Yes, the layout of fields in the interpreter is supposed to match the target's record layout.


We can optimise this later, avoiding the need to create blocks for local primitives which never have pointers taken. If a local does not have a pointer generated to it using GetLocalPtr, the block is not needed at all and zero-initialisation using memset should do the job.


I was a bit afraid of documenting everything and then changing everything, but things seem to be quite stable now, so I will add some documentation.


It's definitely on the TODO list - I would like to avoid such optimisations for now, until enough features are available to run sizeable benchmarks.


I haven't written things up yet since I changed quite a few things over the past few weeks. I am wrapping up support for unions and will produce a more detailed document afterwards. In the meantime, I have documented this field.


It's on the TODO list - I am aiming for C++11 conformance ASAP and this will be required.

nand added a comment.Tue, Aug 13, 7:18 AM

The old path-based approach is slow for most operations, while the new pointer-based approach is fast for the most common ones.
For read/write/update operations, it is enough to check the pointer and at most a single descriptor to ensure whether the operation
can be performed. For some operations, such as some pointer comparisons, in the worst case the old-style path can be reproduced by
following the pointers produced through the getBase method, allowing us to implement everything.

Extern objects are handled by allocating memory for them, allowing pointers to those regions to exist, but marking the actual storage
as extern/uninitialized and preventing reads/writes to that storage.

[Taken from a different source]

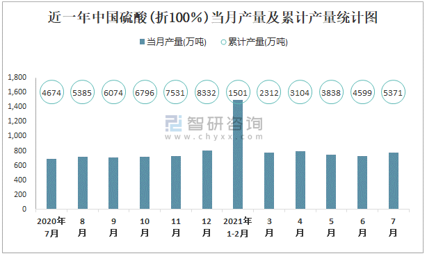 根據國家統計局數據顯示:2021年7月中國硫酸(折100%)產量為774萬噸,同比增長4.7%;2021年1-7月中國硫酸(折100%)累計產量為5370.5萬噸,累計增長8.5%;2015-2020年中國硫酸(折100%)產量2019年起大幅度下降,2020年跌至最低值。

Some details of corner cases are not clear at this point, but the fact that we can reproduce full paths and have space to store any special
bits gives me the confidence that we can converge to a full implementation.

I want to stress again the fact that C++ has an insane number of features and I am focusing on implementing as many of them, leaving a
path towards future optimisations open. I do not want to clobber initial patches with optimisations that would increase complexity - the
few things we do with direct local reads/writes and improved loops already yield significant speedupds.